**Directions for this task:**
No pictures, please. Copy exactly the lines from the one with "L'effetto decoriativo si" through the final line below.

**Collected data:**
┌──
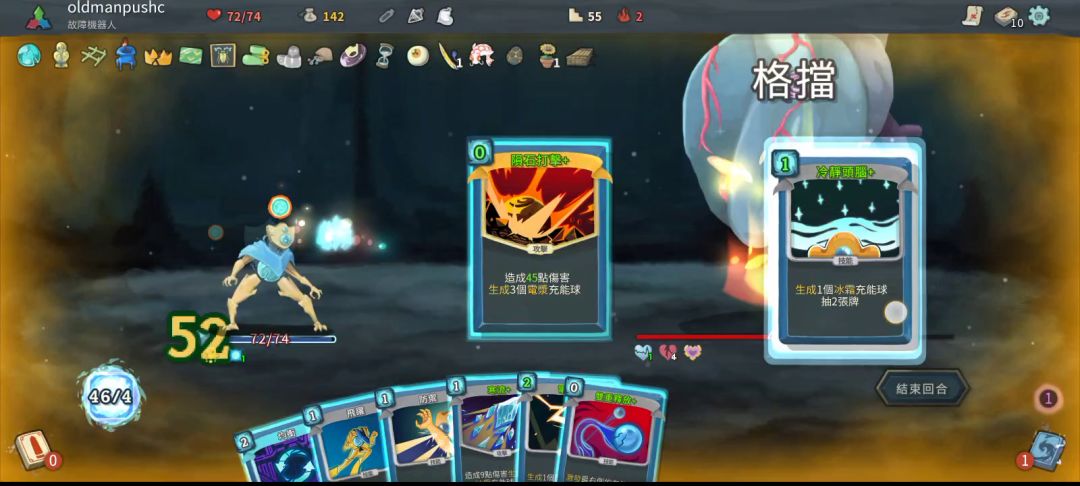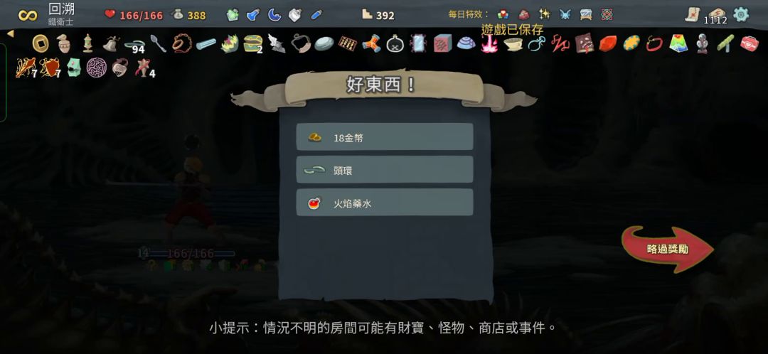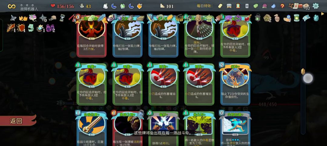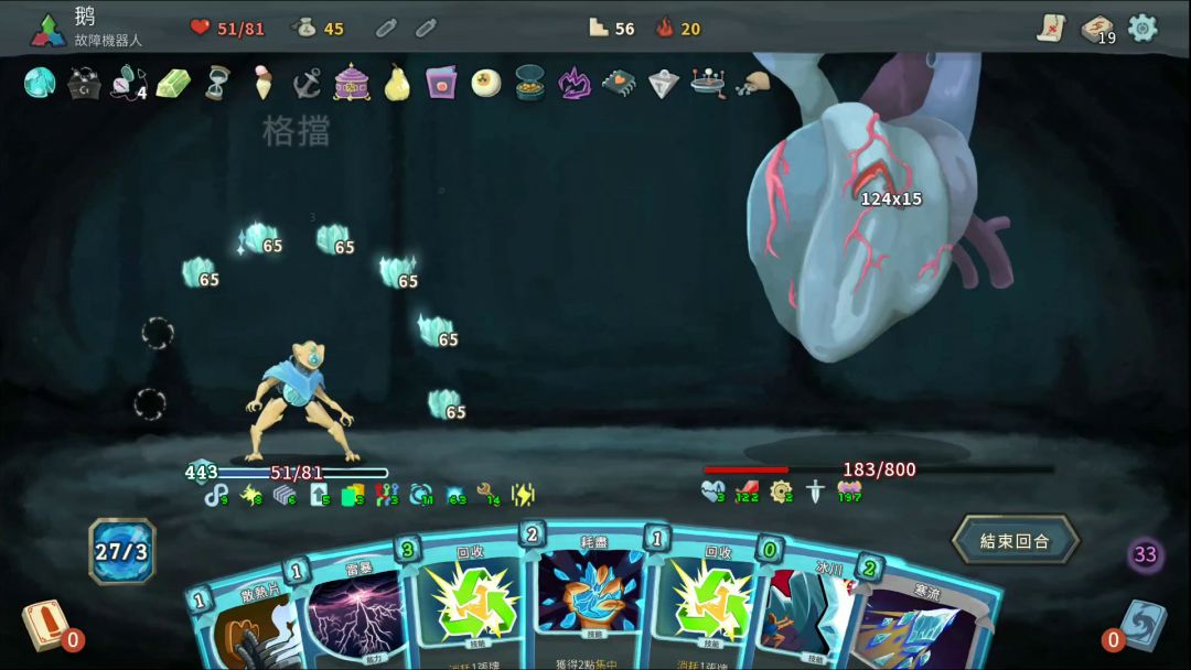 保命:一个蜥蜴尾巴 三个瓶中精灵 输出&防御:200基础伤害的匕首(鬼知道怎么打出400伤的),硬撑x2 耸肩无谓x4 续航:黑暗之拥x2
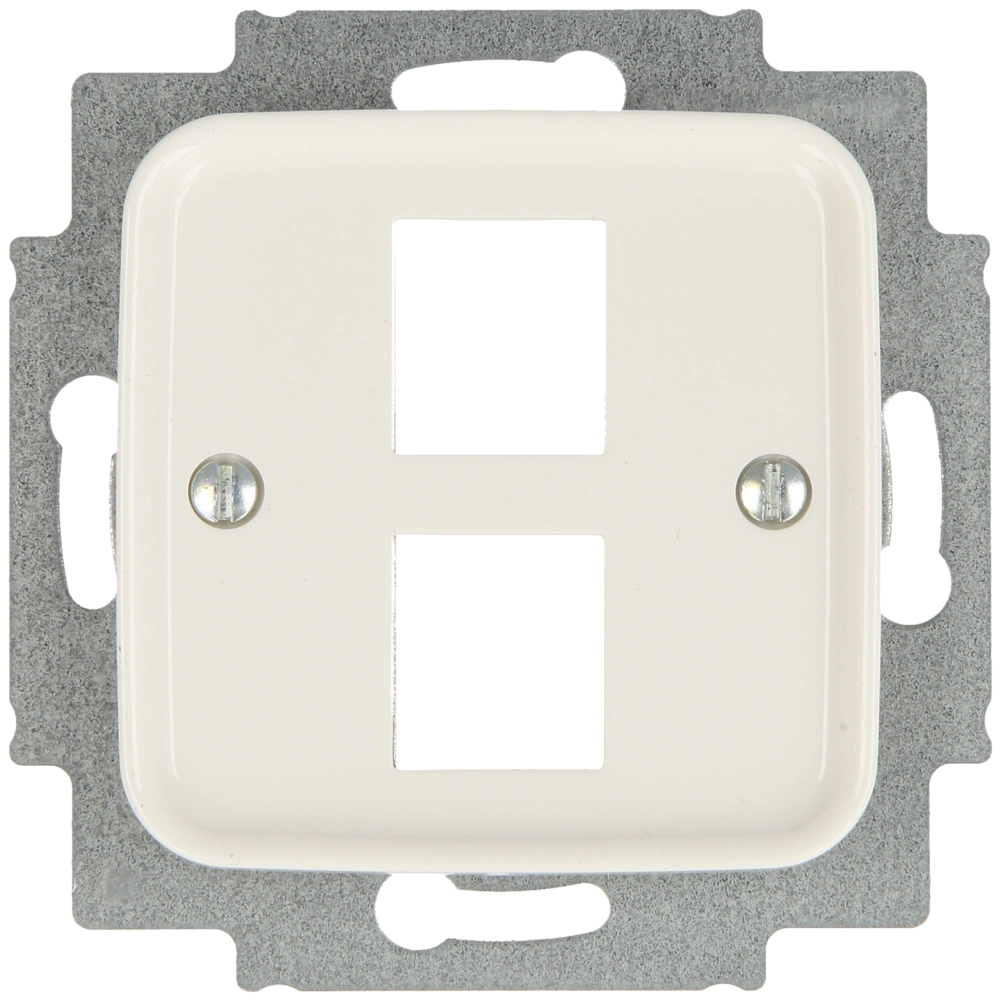 Alle ProduktinformationenZentralscheibe mit Tragring und Schraubbefestigung für zwei Modular-Jack-Einsätze als Abdeckung für Netzwerkdosen zur Unterputz-Installation.
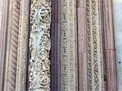 L'effetto decoriativo si gioca nell'accostamento di elementi alternati bianchi e rosa ricoperti con rilievi e tarsie.
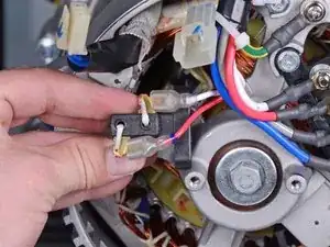 Отсоедините два плоских наконечника (клапана) от щеточного узла.
└──
**Response area:**
 L'effetto decoriativo si gioca nell'accostamento di elementi alternati bianchi e rosa ricoperti con rilievi e tarsie.
 Отсоедините два плоских наконечника (клапана) от щеточного узла.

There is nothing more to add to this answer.